Yesterday, a man with a squawking voice said, ‘Look how translucent his skin is! It’s a sign that his years of fasting have transported him to a higher plane.’

‘You can tell from his facial features that he’s destined to live a long life,’ his colleague said.

‘He looks just like that qigong master, Kong Hai, who has the most miraculous urine of all the Taoist masters.’

‘Master Kong Hai hasn’t eaten or slept for thirteen years,’ someone else concurred.

‘Yes, Kong Hai’s urine has been declared a national treasure. Only the Premier’s wife is allowed to drink it.’

How could these strange men imagine that my urine has magical properties? What sort of tonic could a corpse like mine produce?

My mother is playing Mahjong with four other women. When they shuffle the plastic pieces it sounds as though they’re scattering pebbles onto the table.

‘We’ve uncovered another two fatalities,’ Fan Jing says quietly. ‘That brings the number of dead to 155.’

The women are skimming through the latest list of casualties of the crackdown and their relatives.

‘I know this woman Zhang Li. Her husband was beaten to death on Fuxingmen Street on 6 June. She was sacked from her government job afterwards. She’s destitute. All she owns is a bed and a chair. Her mental state is very unstable. She doesn’t like staying in her flat when it gets dark, so she spends all night wandering through the lanes.’

‘There were still people being killed on 6 June?’ my mother asks.

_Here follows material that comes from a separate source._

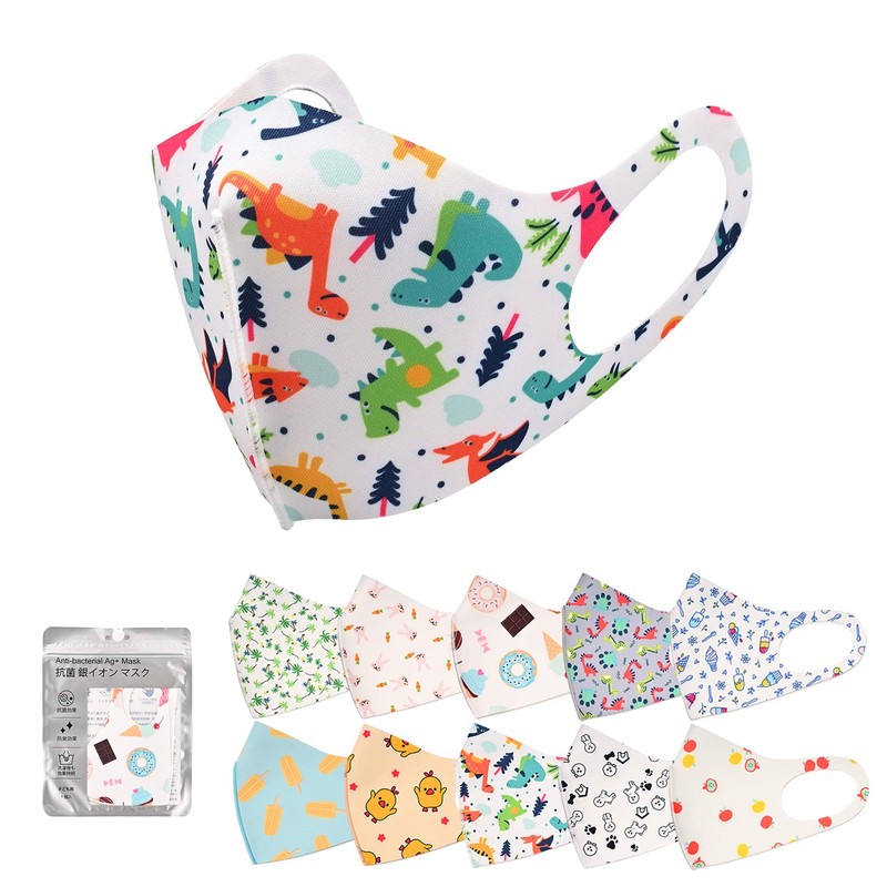 (Kids) Antibacterial Silver Ion Mask, Washable, 3D UV Protection, Individually Wrapped (Set of 2 Navy)

‘Yes, the massacre that took place in Fuxingmen has been dubbed a “mini 4 June”. Tanks rolled through the street and fired at the crowd indiscriminately. Look, Professor Ding has got details of three people who were killed there. See here — “a boy, just thirteen years old, lay on the street, his guts splayed over his stomach, and the soldiers refused to let anyone go to his rescue.”’

‘Look at this. I was the one who found out about this guy,’ Fan Jing says. ‘His wife lives in a tiny shack in the suburbs. She farms twenty mu of land all by herself. No one ever visits her, except the police, who come every anniversary of the crackdown to warn her not to speak to journalists.’

‘We should invite her over one day,’ my mother says. ‘She must get tired of being alone all the time.’

‘She wouldn’t be able to afford the bus trip. She doesn’t even have money to buy herself clothes. She wears a man’s army uniform she picked up on the street.’

‘See these photographs,’ Gui Lan says. ‘This girl was called Zhang Chu. She was only nineteen. She’s the one in the red shirt leaning against the foreigner. Such a pretty smile. When the bullet struck her head, blood spurted from her ears… Someone gave me her parents’ address. I went to the flat, but discovered they’d moved out ages ago.’

‘Where did she die?’

‘In Qianmen, on the main road, in her boyfriend’s arms…’

These women sound like a band of underground activists as they chat away, playing Mahjong.

‘It’s amazing to think your son’s piss can be used as medicine,’ An Qi says, grabbing the copy of the Beijing Evening Star that Fan Jing brought with her. ‘Look at this headline: “Urine of comatose man cures terminal cancer patient”.’